О том, что Григорий проходил срочную в Афганистане, мы в коллективе узнали случайно: под Новый год на корпоратив он неожиданно пришел с гитарой, и когда время безудержного веселья прошло, стал петь о том, что душа просила: про бой в окрестностях Кабула, про «черный тюльпан» и ордена, которые не продаются… За столом стало тихо, а Григорий, растерянно посмотрев по сторонам, будто ища кого-то в зале, поспешно простился и ушел. На следующий день прятал глаза и старался ускользнуть от наших расспросов. Сухощавый, смешливый, с проседью курчавых волос и острым прищуром глаз, он неожиданно предстал перед нами в ином свете.

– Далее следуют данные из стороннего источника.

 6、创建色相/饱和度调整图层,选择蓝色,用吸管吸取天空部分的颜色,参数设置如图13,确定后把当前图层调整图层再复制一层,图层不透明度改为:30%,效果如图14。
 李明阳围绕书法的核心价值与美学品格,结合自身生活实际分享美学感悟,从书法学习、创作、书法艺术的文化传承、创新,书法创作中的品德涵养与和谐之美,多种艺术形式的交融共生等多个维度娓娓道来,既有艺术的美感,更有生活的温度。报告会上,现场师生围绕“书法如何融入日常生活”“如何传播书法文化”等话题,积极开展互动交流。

Уступив моей настойчивости, он все же согласился на откровенный разговор, но с условием – фамилию называть не стану. Объяснил так: «Я – один из тысяч и такой же, как те, кто там служил. К тому же сначала нас предавали забвению, потом называли убийцами и сторонились, после стали делать из нас героев. А мы просто честно выполняли свой воинский долг».

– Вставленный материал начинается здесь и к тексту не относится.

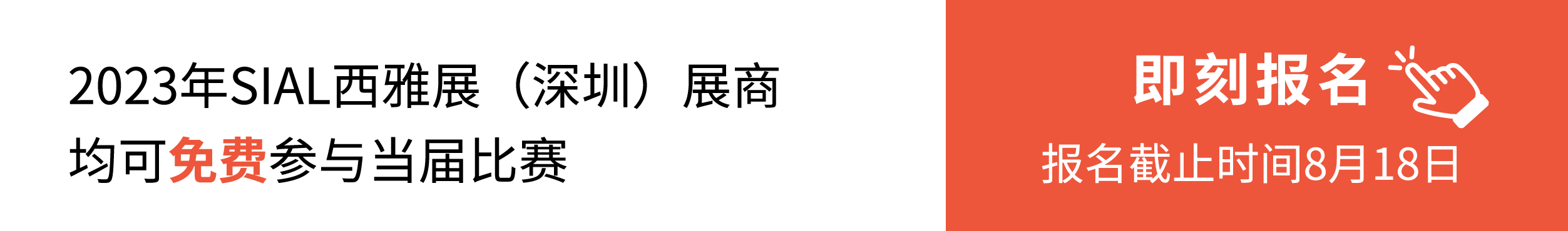 | 創(chuàng)新大賽報(bào)名進(jìn)入倒計(jì)時(shí),攻略在手 參賽無憂 2023年SIAL西雅展 (深圳) 展商 均可免費(fèi)參與當(dāng)屆比賽 報(bào)名截止時(shí)間:8月18日 |

– И все же, Гриша, как это было?
– Меня призвали в 80-м, сразу по окончании техникума. Уже год, как там стояли наши войска, о чем мы и не подозревали, и о том, что там идет война, тоже не знали. Верили, что будем защищать южные границы нашей страны, и если не мы, то туда войдут американцы. Задача – помочь афганцам, избравшим социалистический путь развития, но идти по этому пути душманы – «духи» – почему-то не хотели, а если враг не сдается, его уничтожают, и «кто не с нами, тот против нас». Так учили еще в школе. На политинформациях в учебной части нам объясняли, что 80% ДРА занимают горы, от которых простираются каменистые и глинистые пустыни, полупустыни и предгорные степи… Это все. Вскоре нам предстояло увидеть и познакомиться с непонятным для нас народом, крайне скрытным.
Из шестидесяти человек моего призыва только двое отказались служить в Афганистане, но их все равно туда отправили. Поверьте, мы хотели выполнять воинский долг и презирали отказников. В Ташкентской учебке веселые такие ходили, бесшабашные, хохотали по поводу и без повода. В белых воротничках, подтянутые, нас заставляли маршировать, и чтоб нога к ноге, и не выше пяти сантиметров от сапога соседа. Смешно вспоминать...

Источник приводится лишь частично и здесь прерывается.